» Task description
Every line below from the one containing "全國水表產(chǎn)品質(zhì)量連" through the one containing "Смеситель для ванны" is to be printed exactly, with the pictures omitted.
Material for the task below:
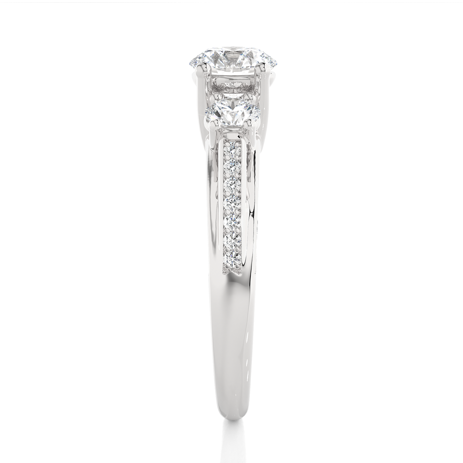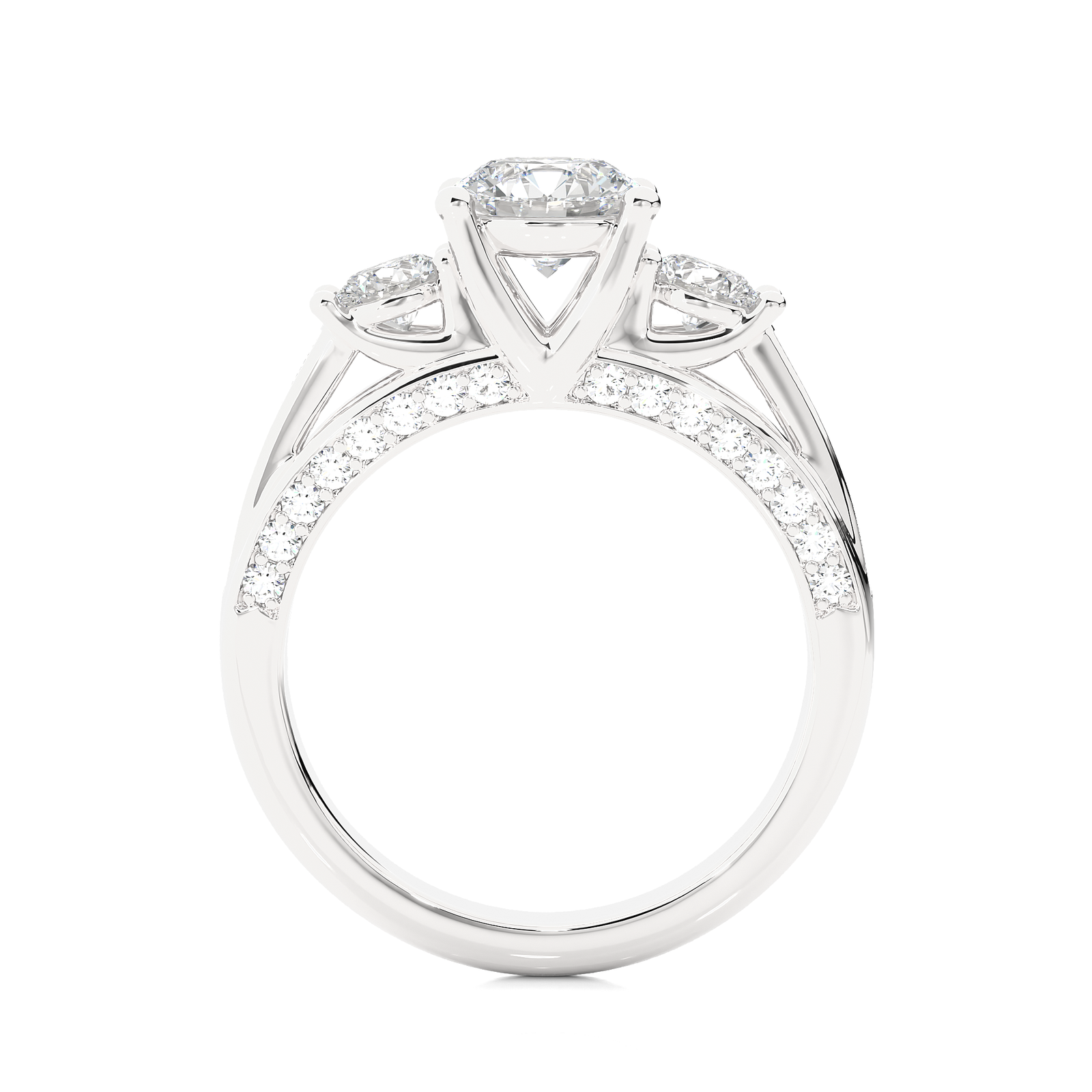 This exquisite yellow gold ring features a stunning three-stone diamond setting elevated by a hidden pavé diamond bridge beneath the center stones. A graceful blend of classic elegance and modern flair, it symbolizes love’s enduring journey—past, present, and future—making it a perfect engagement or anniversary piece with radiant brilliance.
End of Material for the task.
Material for the task below:
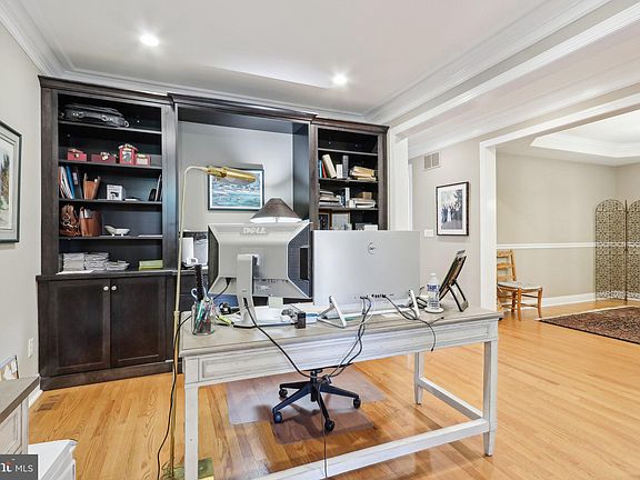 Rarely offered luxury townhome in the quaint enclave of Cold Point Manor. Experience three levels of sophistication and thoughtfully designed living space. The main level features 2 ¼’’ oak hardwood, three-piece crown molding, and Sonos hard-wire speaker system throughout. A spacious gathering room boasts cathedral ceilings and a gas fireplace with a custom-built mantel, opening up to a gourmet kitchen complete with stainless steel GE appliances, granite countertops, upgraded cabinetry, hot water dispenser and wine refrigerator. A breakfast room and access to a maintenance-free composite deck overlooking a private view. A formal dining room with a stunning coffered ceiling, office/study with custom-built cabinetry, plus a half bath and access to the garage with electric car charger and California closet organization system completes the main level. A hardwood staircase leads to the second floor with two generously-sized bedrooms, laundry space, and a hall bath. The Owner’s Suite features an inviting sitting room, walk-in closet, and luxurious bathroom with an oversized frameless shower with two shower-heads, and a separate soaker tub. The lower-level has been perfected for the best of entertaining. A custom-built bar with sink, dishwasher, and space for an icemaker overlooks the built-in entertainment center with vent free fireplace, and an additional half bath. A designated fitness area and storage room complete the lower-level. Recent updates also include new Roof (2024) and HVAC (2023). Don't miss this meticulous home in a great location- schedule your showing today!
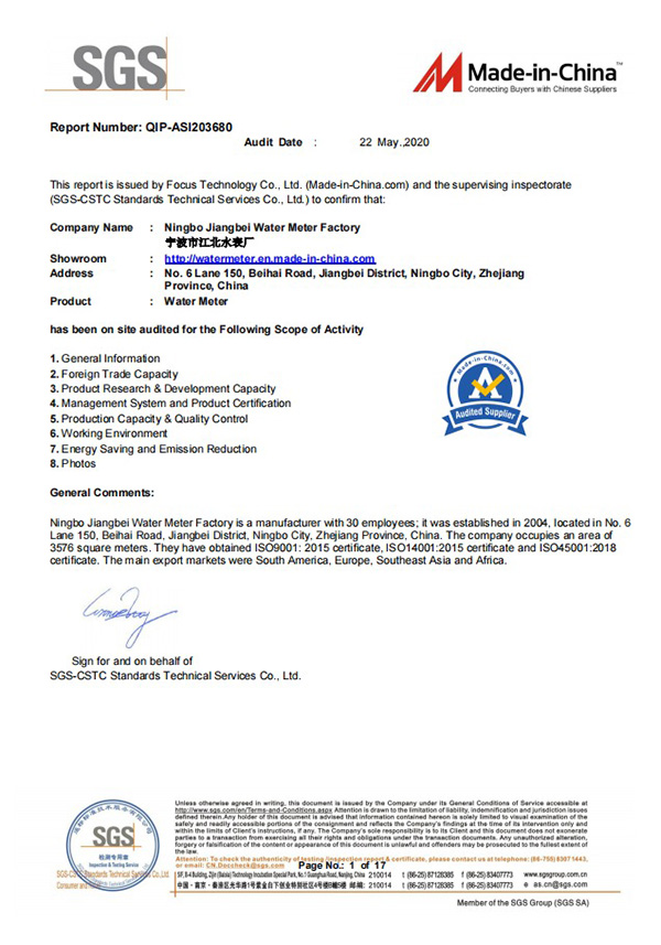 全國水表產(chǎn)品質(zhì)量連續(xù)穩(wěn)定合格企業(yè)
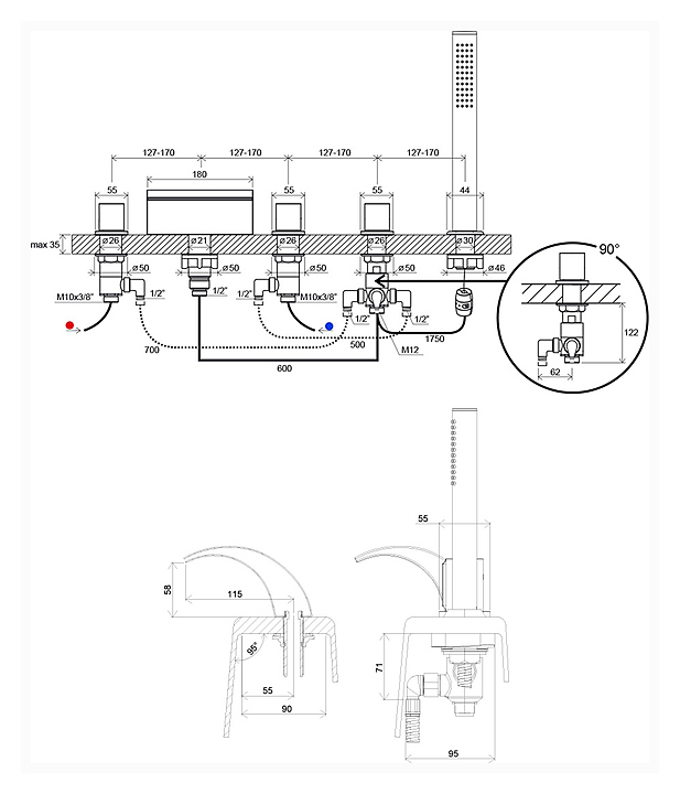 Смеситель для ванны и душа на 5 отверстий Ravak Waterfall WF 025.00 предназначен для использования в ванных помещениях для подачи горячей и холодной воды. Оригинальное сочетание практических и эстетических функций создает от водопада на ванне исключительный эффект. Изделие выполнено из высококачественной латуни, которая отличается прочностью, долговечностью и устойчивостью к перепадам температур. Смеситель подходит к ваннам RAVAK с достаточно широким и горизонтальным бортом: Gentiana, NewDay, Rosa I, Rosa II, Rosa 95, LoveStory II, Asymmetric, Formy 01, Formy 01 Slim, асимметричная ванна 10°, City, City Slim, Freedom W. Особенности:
End of Material for the task.
» Result for this task
 全國水表產(chǎn)品質(zhì)量連續(xù)穩(wěn)定合格企業(yè)
 Смеситель для ванны и душа на 5 отверстий Ravak Waterfall WF 025.00 предназначен для использования в ванных помещениях для подачи горячей и холодной воды. Оригинальное сочетание практических и эстетических функций создает от водопада на ванне исключительный эффект. Изделие выполнено из высококачественной латуни, которая отличается прочностью, долговечностью и устойчивостью к перепадам температур. Смеситель подходит к ваннам RAVAK с достаточно широким и горизонтальным бортом: Gentiana, NewDay, Rosa I, Rosa II, Rosa 95, LoveStory II, Asymmetric, Formy 01, Formy 01 Slim, асимметричная ванна 10°, City, City Slim, Freedom W. Особенности:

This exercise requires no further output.